## STUDY MATERIAL

------------------------------

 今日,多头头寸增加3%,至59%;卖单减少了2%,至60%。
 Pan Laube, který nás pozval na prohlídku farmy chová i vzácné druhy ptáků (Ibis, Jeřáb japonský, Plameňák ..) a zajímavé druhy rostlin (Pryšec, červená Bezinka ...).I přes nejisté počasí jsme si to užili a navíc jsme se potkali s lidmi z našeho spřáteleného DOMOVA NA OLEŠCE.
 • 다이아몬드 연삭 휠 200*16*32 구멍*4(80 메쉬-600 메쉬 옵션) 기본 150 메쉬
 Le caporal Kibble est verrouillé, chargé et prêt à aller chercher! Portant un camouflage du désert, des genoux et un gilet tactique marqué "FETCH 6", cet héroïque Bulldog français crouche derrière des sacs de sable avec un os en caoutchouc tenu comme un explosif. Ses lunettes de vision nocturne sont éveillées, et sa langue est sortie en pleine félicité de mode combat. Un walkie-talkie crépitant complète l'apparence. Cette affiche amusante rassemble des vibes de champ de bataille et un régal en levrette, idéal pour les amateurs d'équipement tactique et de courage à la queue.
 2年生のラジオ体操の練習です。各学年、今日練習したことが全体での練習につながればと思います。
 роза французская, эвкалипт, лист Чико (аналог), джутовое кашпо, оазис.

------------------------------

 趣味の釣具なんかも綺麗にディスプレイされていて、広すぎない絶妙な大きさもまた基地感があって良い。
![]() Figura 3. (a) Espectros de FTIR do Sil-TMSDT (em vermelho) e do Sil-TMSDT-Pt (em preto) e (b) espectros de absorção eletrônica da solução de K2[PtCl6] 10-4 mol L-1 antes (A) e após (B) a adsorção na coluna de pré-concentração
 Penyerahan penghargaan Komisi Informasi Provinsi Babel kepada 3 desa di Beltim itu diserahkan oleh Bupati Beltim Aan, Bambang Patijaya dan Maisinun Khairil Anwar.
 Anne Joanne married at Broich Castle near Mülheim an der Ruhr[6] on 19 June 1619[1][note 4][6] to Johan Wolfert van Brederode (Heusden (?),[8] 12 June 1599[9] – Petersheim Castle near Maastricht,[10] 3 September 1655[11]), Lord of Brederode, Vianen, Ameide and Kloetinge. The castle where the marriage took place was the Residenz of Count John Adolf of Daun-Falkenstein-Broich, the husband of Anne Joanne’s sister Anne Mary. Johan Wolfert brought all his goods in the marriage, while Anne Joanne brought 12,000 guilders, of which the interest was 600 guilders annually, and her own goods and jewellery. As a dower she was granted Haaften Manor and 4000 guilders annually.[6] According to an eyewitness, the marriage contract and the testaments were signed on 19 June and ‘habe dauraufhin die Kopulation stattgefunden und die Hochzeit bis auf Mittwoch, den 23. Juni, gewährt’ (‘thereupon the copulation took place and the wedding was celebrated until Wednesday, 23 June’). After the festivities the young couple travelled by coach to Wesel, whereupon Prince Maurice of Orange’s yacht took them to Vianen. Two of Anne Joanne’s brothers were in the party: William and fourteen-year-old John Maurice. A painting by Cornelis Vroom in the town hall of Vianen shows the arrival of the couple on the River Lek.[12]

------------------------------

Find the line with "今日,多头头寸增加3%,至59%;卖单减少了2%,至60%。" in the material above. Reproduce it and each line after it up to and including the line with "옵션) 기본 150 메쉬".

 今日,多头头寸增加3%,至59%;卖单减少了2%,至60%。
 Pan Laube, který nás pozval na prohlídku farmy chová i vzácné druhy ptáků (Ibis, Jeřáb japonský, Plameňák ..) a zajímavé druhy rostlin (Pryšec, červená Bezinka ...).I přes nejisté počasí jsme si to užili a navíc jsme se potkali s lidmi z našeho spřáteleného DOMOVA NA OLEŠCE.
 • 다이아몬드 연삭 휠 200*16*32 구멍*4(80 메쉬-600 메쉬 옵션) 기본 150 메쉬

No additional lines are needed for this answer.